TRY IT:
Word for word, return the lines below from the first through the line that has "谷關周辺地域は、しいたけをは", dropping the pictures.

-------- SOURCE DATA

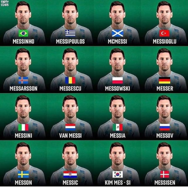 게시글에는 브라질, 독일, 이탈리아, 네덜란드 등 축구 강국으로 유명한 나라들과 터키, 폴란드, 그리스, 덴마크처럼 특이한 이름을 가진 선수들이 많은 나라들을 포함해 총 16개 국가가 있었다. ‘브라질리언’ 메시의 이름은 메시뉴, 이탈리아인 메시는 메시니, 네덜란드 출신의 메시는 반 메시 등 그 나라의 선수들이 많이 갖고 있는 이름을 메시에게 적용했다.
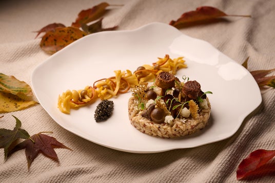谷關周辺地域は、しいたけをはじめとするキノコ類の産地であり、その生産量は台湾全体の5~6割を占めます。(※3)豊富な食物繊維や栄養素を含むキノコ類は、タイヤル族にとって貴重な食材です。キノコづくしディナーでは、前菜、スープ、リゾット、デザートの五品すべてにキノコがふんだんに使われ、地元の滋味を味わい尽くすことができます。ディナーはウォーターガーデンを望むテラスに設けたテーブルに用意され、心地よい自然の風と共に、料理を楽しむことができます。
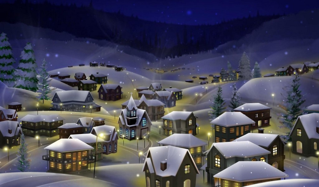 Village covered in snow HD Wallpaper - 1024x600
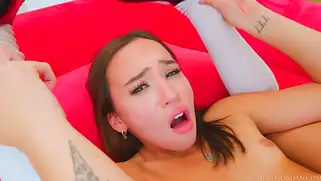 Jules Jordan - 20-летняя порноактриса наконец добралась до знаменитых режиссеров. Студия славится качественным контентом, и главный босс выходит в кадр тольк тогда, когда телочка достойна внимания. Таковой и оказалась сучечка. Сам Джулс Джордан протестировал бритую пизду студентки. Заведенная краля моментально продемонстрировала на площадке скилл по части классного отсоса, и хитрожопый блядун набросился со своим исполинским стволищем на мокрую киску тихони. И скромницы родилась настоящая бестия траходрома. Красоточка покладисто исполняла все, что только желал бойкий плейбой, чем заработала баллов.
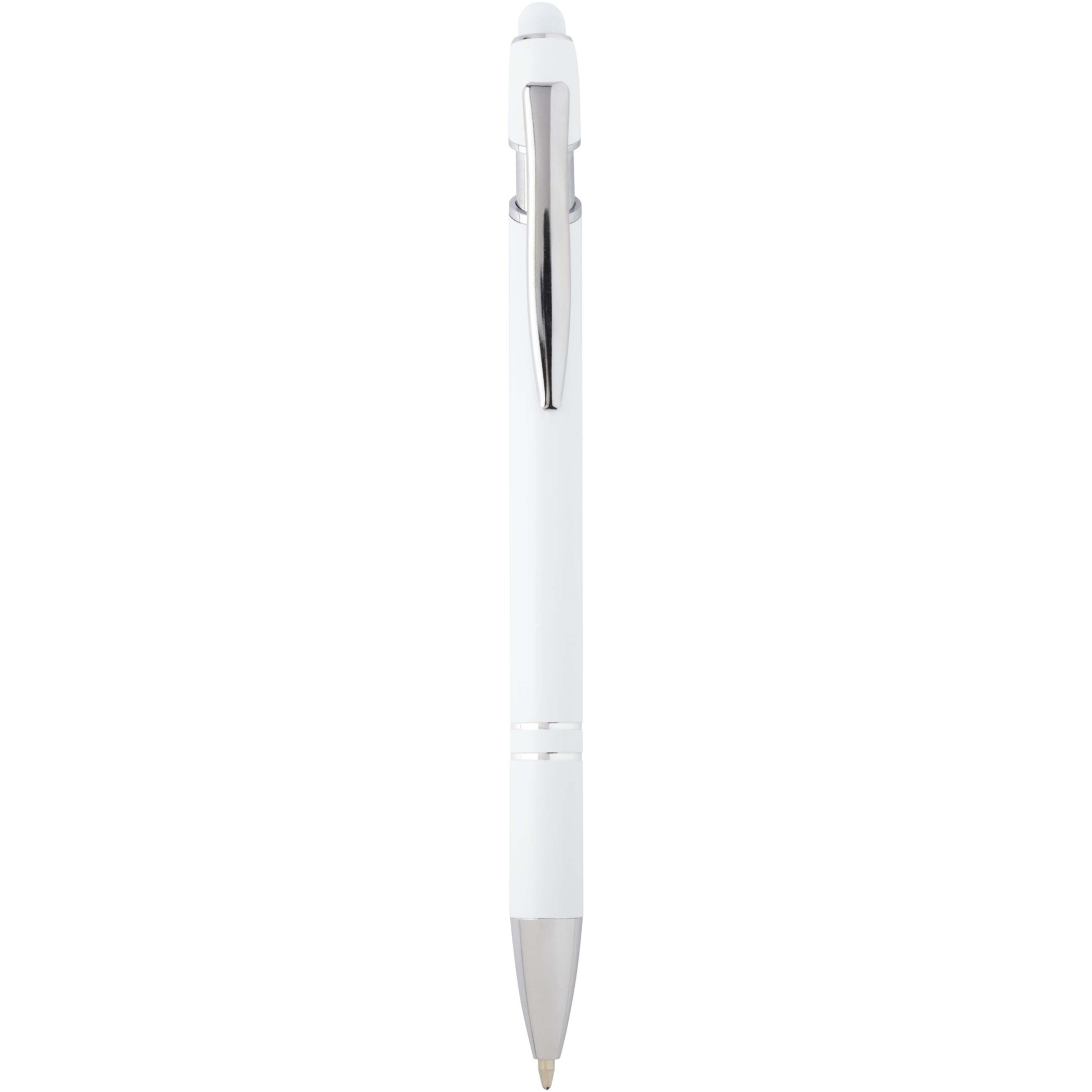 The Kish ballpoint pen with silver finish has a barrel made of recycled aluminium with a touch stylus made of silicone. Recycled aluminium reduces the amount of waste in landfills and helps to conserve natural resources aiming to reduce greenhouse emissions. Ink colour: Black. Writing length: 800 metres. Nib size: 1.0 mm.
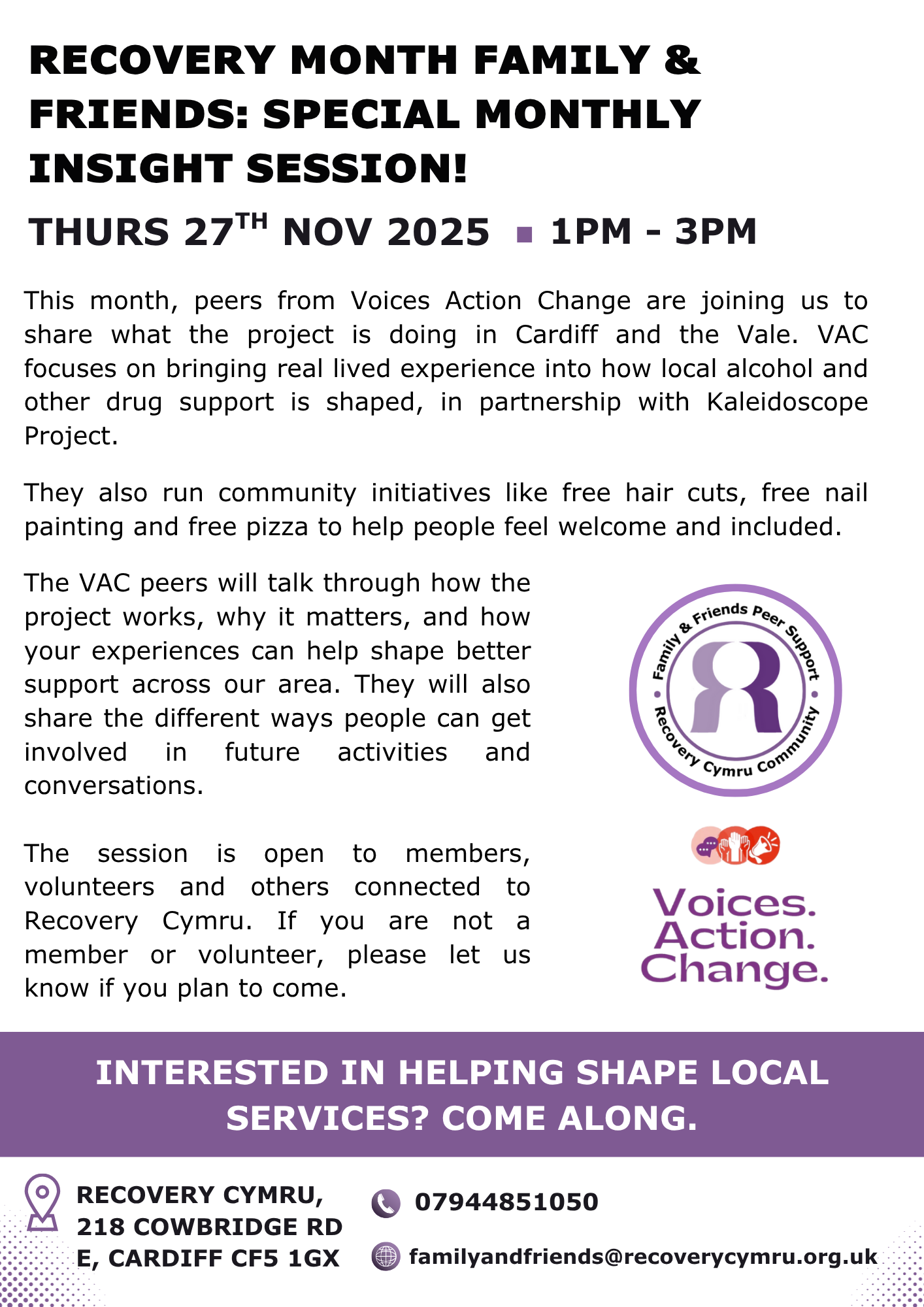 - Thursdays (1pm-3pm): Family & Friends: Insight Sessions. Every last Thursday of the month at the Recovery Centre.

----------------

SOLVED EXERCISE:
 게시글에는 브라질, 독일, 이탈리아, 네덜란드 등 축구 강국으로 유명한 나라들과 터키, 폴란드, 그리스, 덴마크처럼 특이한 이름을 가진 선수들이 많은 나라들을 포함해 총 16개 국가가 있었다. ‘브라질리언’ 메시의 이름은 메시뉴, 이탈리아인 메시는 메시니, 네덜란드 출신의 메시는 반 메시 등 그 나라의 선수들이 많이 갖고 있는 이름을 메시에게 적용했다.
谷關周辺地域は、しいたけをはじめとするキノコ類の産地であり、その生産量は台湾全体の5~6割を占めます。(※3)豊富な食物繊維や栄養素を含むキノコ類は、タイヤル族にとって貴重な食材です。キノコづくしディナーでは、前菜、スープ、リゾット、デザートの五品すべてにキノコがふんだんに使われ、地元の滋味を味わい尽くすことができます。ディナーはウォーターガーデンを望むテラスに設けたテーブルに用意され、心地よい自然の風と共に、料理を楽しむことができます。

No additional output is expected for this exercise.